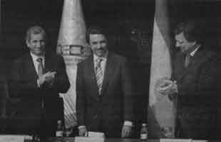 I seem to have spotted a flag that I cannot identify. It appeared in a photo published in the Portuguese newspaper Público on 10 December 2004, illustrating an article about problems in a governmental plan to restructure the energy sector in the country. The three suits in the photo are Durão Barroso, former Portuguese PM and current president of the European Comission, Carlos Tavares, former minister of energy (IIRC) of the Portuguese government and José Maria Aznar, former PM of Spain. It is, therefore, an archive photo, since none of these gentlemen still held their offices last December, and I believe it has something to do with MIBEL, an Iberian agreement in the energetic sector.
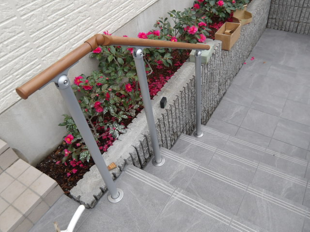 神戸市西区井吹台西町 A様邸 玄関アプローチ・階段タイル貼り、階段手摺り新設工事
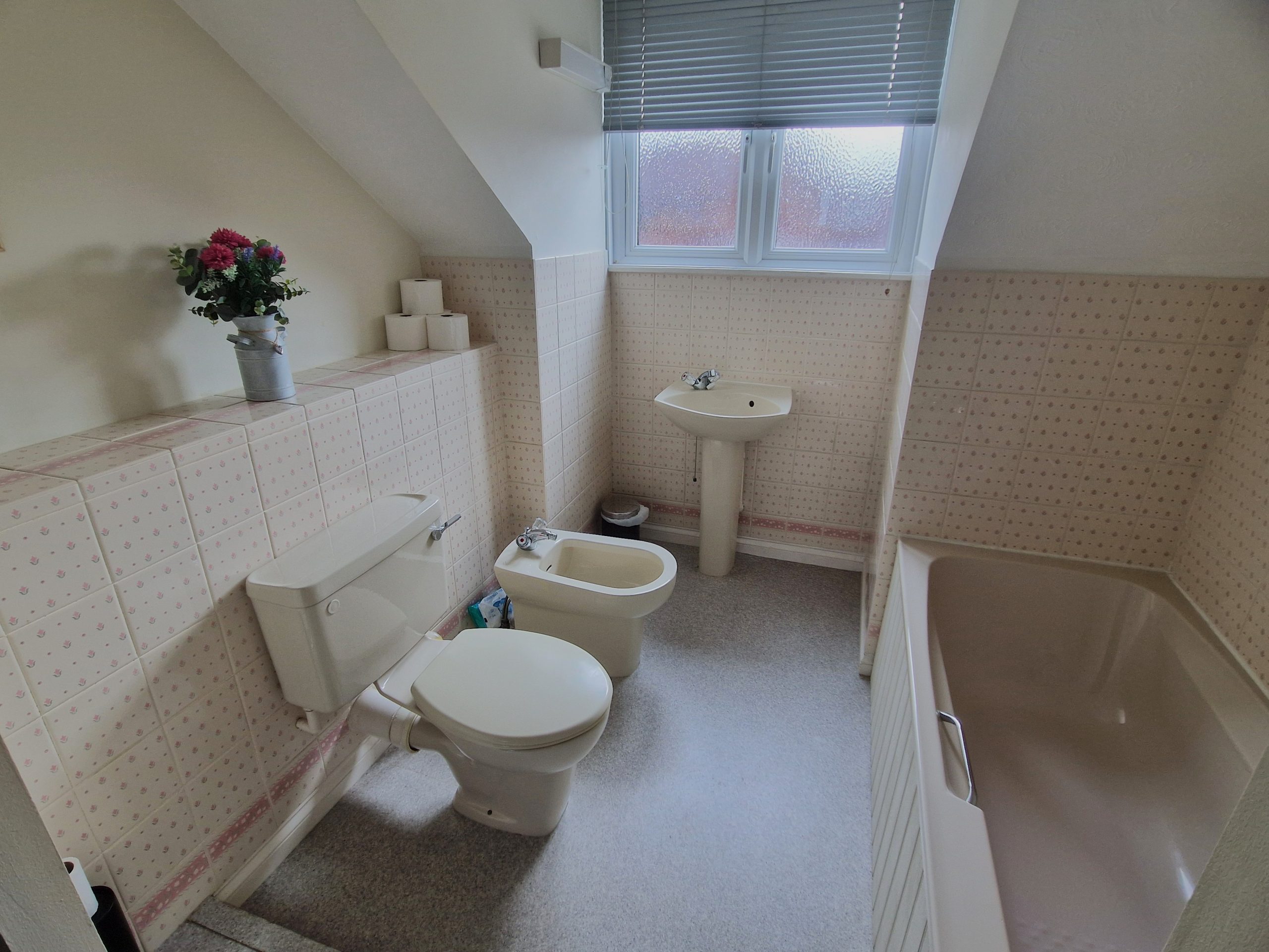 8’1 (2.46m) x 5’1 (1.54m), bath, wash hand basin, WC, bidet, part tiled walls, radiator and vinyl style.
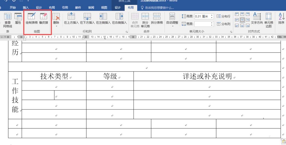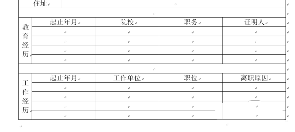 8、合并需合并的单元格,填写上工作经历,教育经历等经历。
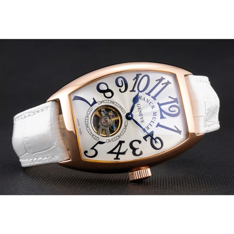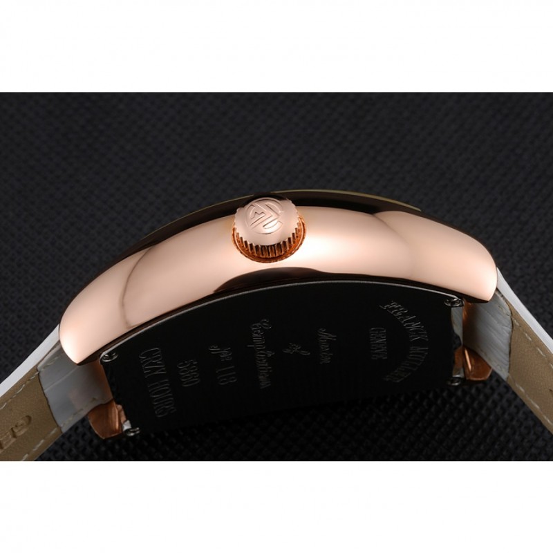 pulsera: calor Franck Muller Geneve correa de piel de cocodrilo blanco en relieve rosa de 18 quilates chapado en oro gancho hebilla de cierre

--------------------------------

WORK INSTRUCTIONS
All lines above are to be restated word for word, with pictures excluded.

WRITTEN SOLUTION
 I seem to have spotted a flag that I cannot identify. It appeared in a photo published in the Portuguese newspaper Público on 10 December 2004, illustrating an article about problems in a governmental plan to restructure the energy sector in the country. The three suits in the photo are Durão Barroso, former Portuguese PM and current president of the European Comission, Carlos Tavares, former minister of energy (IIRC) of the Portuguese government and José Maria Aznar, former PM of Spain. It is, therefore, an archive photo, since none of these gentlemen still held their offices last December, and I believe it has something to do with MIBEL, an Iberian agreement in the energetic sector.
 神戸市西区井吹台西町 A様邸 玄関アプローチ・階段タイル貼り、階段手摺り新設工事
 8’1 (2.46m) x 5’1 (1.54m), bath, wash hand basin, WC, bidet, part tiled walls, radiator and vinyl style.
 8、合并需合并的单元格,填写上工作经历,教育经历等经历。
 pulsera: calor Franck Muller Geneve correa de piel de cocodrilo blanco en relieve rosa de 18 quilates chapado en oro gancho hebilla de cierre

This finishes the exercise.